Winter melangkah ke tempat duduknya, kemudian mendaratkan bokong dengan setengah hati. Makanan yang sudah begitu semangat ingin dimakan, malah seakan tidak bisa memasuki perut karena ditolak oleh mulut. Ia tidak mau memberitahunya sekarang, tapi dipaksa. Ia benci keadaan ini. Kenapa hal ini tidak ia perkirakan sebelumnya? Kenapa Jake harus datang sekarang, sih?
"Untuk apa kau datang ke sini? Kau mengganggu acara makanku, tahu tidak!" kesal Winter sembari menjauhkan piring. Namun, Lion yang melihat, mendekatkan piring itu dan mengambilkan makanan apa saja yang tersedia.
"Oh? Mengganggu acara makan bersama pacar? Wah, ada bau yang disembunyikan, tapi sudah kucium." Jake mengambil posisi duduk di depan lelaki yang kini menatapnya dengan sebelah alis terangkat. "Apa?" Ia membalas tatapan itu dengan suara. Namun, satu suara pun tak bisa ia dengar dari lelaki yang menggunakan kacamata bulat seperti anak kecil tak punya ibu.

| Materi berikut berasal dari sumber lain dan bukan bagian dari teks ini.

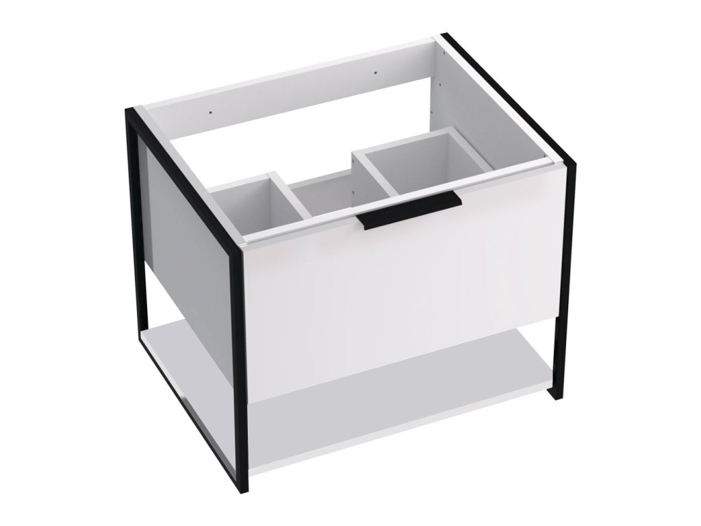 Základ skříněk je tvořen kovovou konstrukcí z tenkostěnných profilů v povrchové úpravě černým matným lakem. Samotný korpus skříňky, čelní plochy a police jsou z LTD desky v povrchové úpravě lesklým bílým lakem. Zásuvky a dvířka jsou doplněny kovovými úchytkami v povrchové úpravě černým matným lakem.
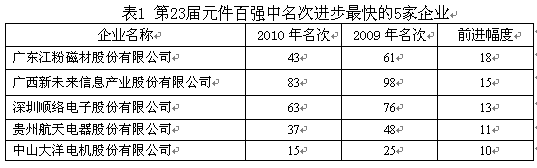 金融危機(jī)造成的企業(yè)經(jīng)營(yíng)上的波動(dòng)都反饋到了第22屆、23屆元件百強(qiáng)的榜單上。在近兩屆的榜單之中,均有20多家企業(yè)的名次出現(xiàn)了10位以上(含10位)的較大波動(dòng),去年23家,今年21家。據(jù)估計(jì),如果國際國內(nèi)的經(jīng)濟(jì)形勢(shì)能保持穩(wěn)定,在未來一兩年內(nèi),元件百強(qiáng)榜單中,名次出現(xiàn)大起大落的企業(yè)數(shù)量將會(huì)減少。
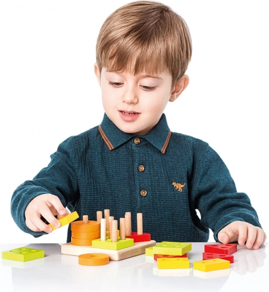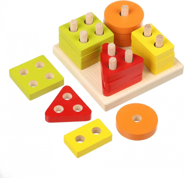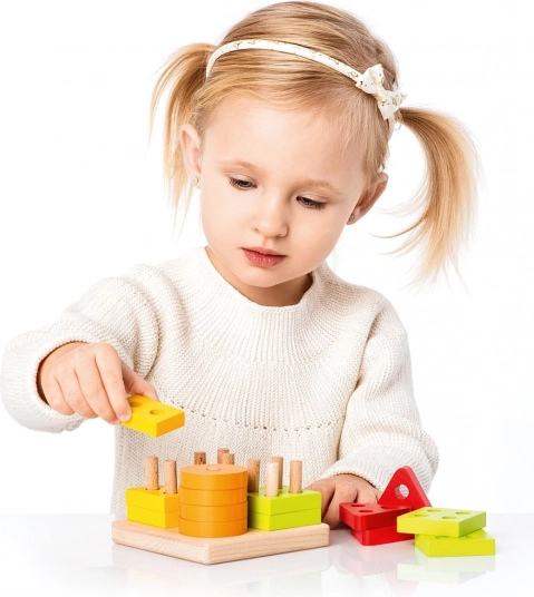 Színes körök, négyzetek, háromszögek és téglalapok nyílásokkal, melyeket az alap pálcáira kell ráhelyezni. A gyerekek így természetesen válogatnak forma és szín szerint, és gyakorolják a logikus gondolkodást.
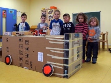 Und so sieht es in der Praxis aus: In der Kita St. Dreifaltigkeit wird über zwei Projektwochen hinweg das Thema „Feuerwehr“ behandelt. Der vierjährige Jaden zählt konzentriert die Kreise, die auf einer Styroporplatte vorgemalt sind: Drei sind es, fehlt noch ein vierter. Denn ein Feuerwehrauto hat vier Räder. Jaden gehört zur Bärengruppe, und die bastelt ein riesiges Feuerwehrauto – mit Leiter, Löschwasser, Fenster und Sirene, zählen die Kinder begeistert auf. In anderen Gruppen entstehen andere Bastelarbeiten, es wird viel gesprochen, gesungen, Bilderbücher betrachtet und Geschichten erzählt.
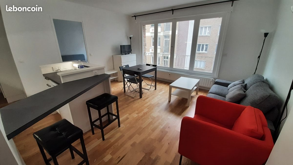 Particulier loue un appartement 2 pièces de 39m2, situé rue Macquart dans le vieux Lille, proximité immédiate du quai de Wault. Secteur calme et central de Lille, proximité à pied tous commerces et des principaux centres d'intérêts de Lille (Solferino/Massena/Rue de la monnaie/Grand-Place, Rihour), du parc de la citadelle, et de nombreuses Universités/Ecoles (Université Catholique de Lille, Ieseg, Hei, Junia ISen, Esme, Epsi, Epitech,...). Situé au 4eme et dernier étage d'un petit immeuble (avec ascenseur), l'appartement a été refait à neuf en 2022, il est entièrement meublé et très lumineux. Il se compose d'un salon ouvert sur cuisine entièrement équipée, d'une chambre confortable, d'une salle de bain, d'une douche italienne, d'un wc séparé. Il offre de nombreux rangements intégrés. Les fenêtres sont équipées de volets (volet électrique pour la baie vitrée du séjour). L'appartement donne sur une cour calme, pas de bruit de circulation. Ameublement et équipement (tout est en très bon état) : canapé, tables, chaises, commode, lit + matelas, tabourets de bar, four, four à micro-onde, lave-vaisselle, lave-linge, tous ustensiles de cuisines, cafetière, bouilloire, télé, draps, serviettes... Loyer 760€ + Charges 150€ (incluant chauffage, eau froide et chaude). Appartement disponible à compter de début mars. N'hésitez pas à me par tel. Julien.
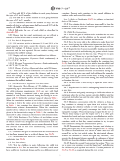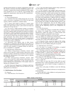 ABSTRACT This specification establishes recognized requirements for determining the child resistance of portable gasoline containers intended for use by consumers. The following tests shall be performed: senior adult test; child-resistant test (test subject/selection criteria); child-resistant tests (test failures); sequential test; and senior adult use effectiveness to conform with the specified requirements. SCOPE 1.1 This specification establishes recognized requirements for determining the child resistance of portable fuel containers (PFCs) and other types of portable containers intended for use by consumers to hold, store, and transport liquid fuels such as gasoline, kerosene, and diesel. 1.1.1 “Portable Fuel Container” is defined in Specification F852 and includes the receptacle for gasoline, kerosene, or diesel fuel as well as spouts, caps, and other closure mechanisms and components for use with or on portable gasoline, kerosene, or diesel receptacles. 1.1.2 This specification is also applicable to spouts, caps, or other closure mechanisms sold separately for use with or on a fuel container. 1.1.3 This specification does not cover one-time use portable emergency fuel containers conforming to Specification F2874. 1.2 This standard addresses the effectiveness of the child resistance (CR) device only after closure cycling, but does not address closure effectiveness: 1.2.1 When at high or low temperatures, 1.2.2 After thermal aging of polymers, 1.2.3 After exposure to sunlight, 1.2.4 After exposure to intended fuels, and 1.2.5 After physical abuses, such as drops or impacts. Note 1: Please see Appendix X2 for additional information on these exemptions. 1.3 The values stated in inch-pound units are to be regarded as standard. The values given in parentheses are mathematical conversions to SI units that are provided for information only and are not considered standard. 1.4 This standard does not purport to address all of the safety concerns, if any, associated with its use. It is the responsibility of the user of this standard to establish appropriate safety, health, and environmental practices and determine the applicability of regulatory limitations prior to use. 1.5 This international standard was developed in accordance with internationally recognized principles on standardization established in the Decision on Principles for the Development of International Standards, Guides and Recommendations issued by the World Trade Organization Technical Barriers to Trade (TBT) Committee.
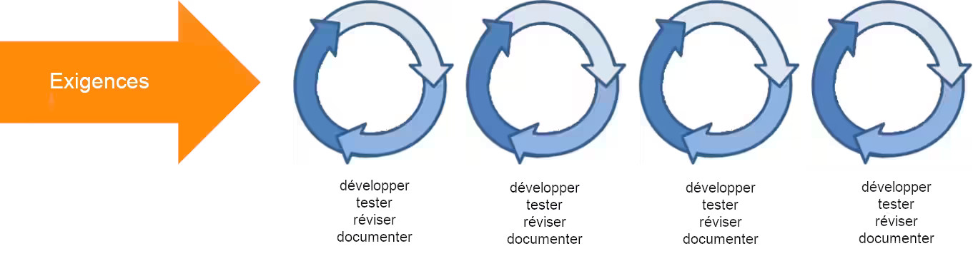 Le travail est organisé en sprints ou itérations, c’est-à-dire que le développement est réparti en périodes de plus en plus réduites au fur et à mesure des cycles, jusqu’à ce que le projet prenne fin. Chaque sprint comprend une phase de développement, de test, de révision et de documentation d’une fonctionnalité.
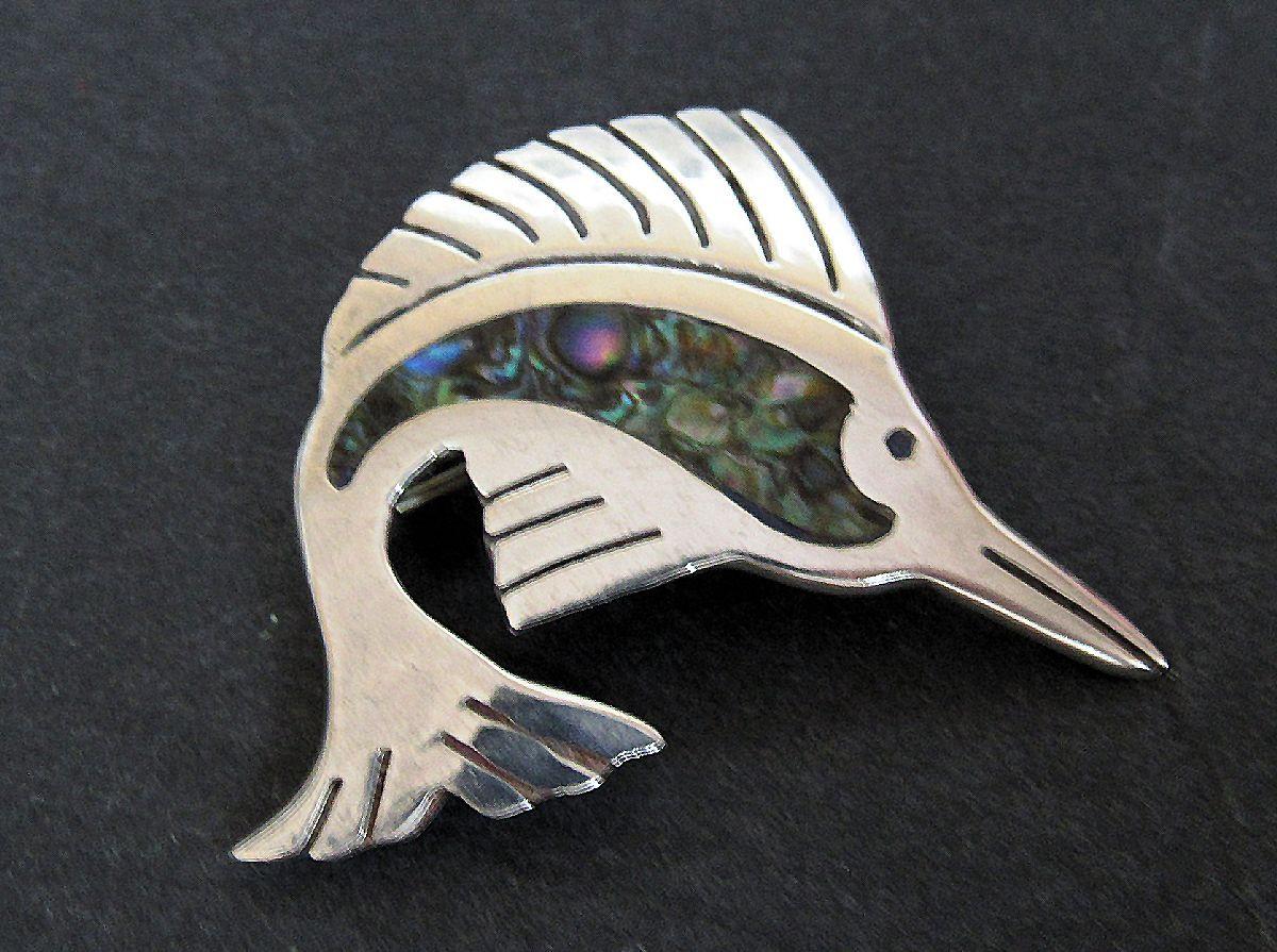 Vintage Sterling and Abalone Shell Sailfish Pin, Mexico
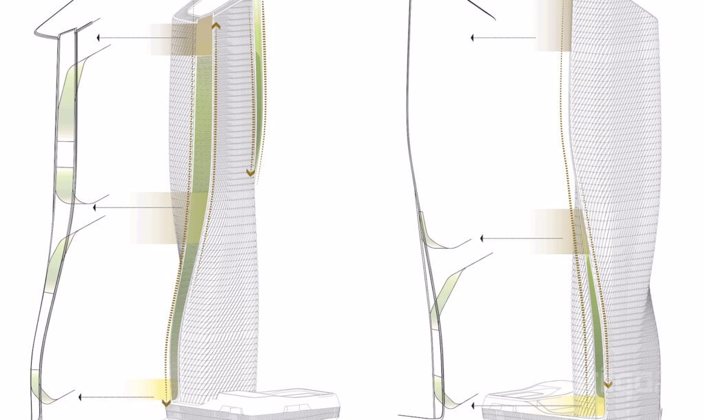 Шейх Заяид авто зам дагуу, алдарт “Бурж Халиф” барилгын ойролцоо байрлах хэмээн архитекторууд дүгнэжээ. Мурий, тэгш хэмт бус энэхүү цамхгийн фасаданд ашигласан керамик хавтангийн цаана гэрэлтүүлгийн иж бүрэн системийг суурилуулсан байна. Тэдгээр фасад нь өдрийн цагт байгалийн гэрлийн шууд тусгалыг шүүж барилгын дотор талд нэвтрүүлэх бөгөөд шөнийн цагаар барилгыг яг л амьсгалж буй мэт харагдуулах аж. Фасадны тэдгээр гэрлүүд нь автомашины зогсоолд суурилуулсан нарны зайн хавтангуудаас үүсгэсэн эрчим хүчээр ажиллах юм.

"Kau makan saja, Winter." Lion menyadari suasana hati Winter yang semula cerah, mendadak mendung seperti berada di awan kegelapan. Tanpa diberitahu pun, ia tahu ada sesuatu di antara mereka. Entah sesuatu yang baik atau tidak, tapi ia menebak itu sesuatu yang tidak menyenangkan.
"Really? Aku harus menyaksikan perempuan yang dulunya single sekarang bermesraan di depanku? Woah, kau harus menjelaskan banyak padaku, Miss Dawn. Maybe right now?" Kedua lengan itu terlipat dan tergeletak di meja dengan tubuh mencondong. Lirikan mata yang semula terarah pada perempuan keriting itu, bak laser langsung terarah jelas pada sosok di sebelah Winter.
Lion tidak tahu reaksi apa yang harus ia berikan karena Winter masih belum memberikan reaksi yang berlebihan. Ia tidak akan membuka suara jika Winter tidak mempersilakan. Ia tidak akan mau ikut campur jika Winter tidak berada dalam ancaman. Ia hanya menunggu, meskipun setengah jengkel. Tatapannya itu seperti merendahkan.
"Kalau aku tidak mau?" Winter ikut melipat lengan di atas meja, mencondongkan tubuh dan mengarahkan bola matanya tepat ke bola mata Jake dengan seringai.
"Mulai menyembunyikan sesuatu pada temanmu?"
Lion yang telah mengunyah, tiba-tiba tersedak, memuncratkan sedikit isi makanan tepat ke depan Jake.
"Sial! Kau jorok, bodoh!" Jake memejam, merasakan ada percikan ludah mengenai wajahnya. Baru saja pertemuan pertama, tapi pria ini memberikan kesan yang tidak baik detik ini juga. Entah itu sengaja atau tidak, ia mulai menumbuhkan ketidaksukaan pada pria sok tampan yang kini membersihkan mulutnya menggunakan tisu.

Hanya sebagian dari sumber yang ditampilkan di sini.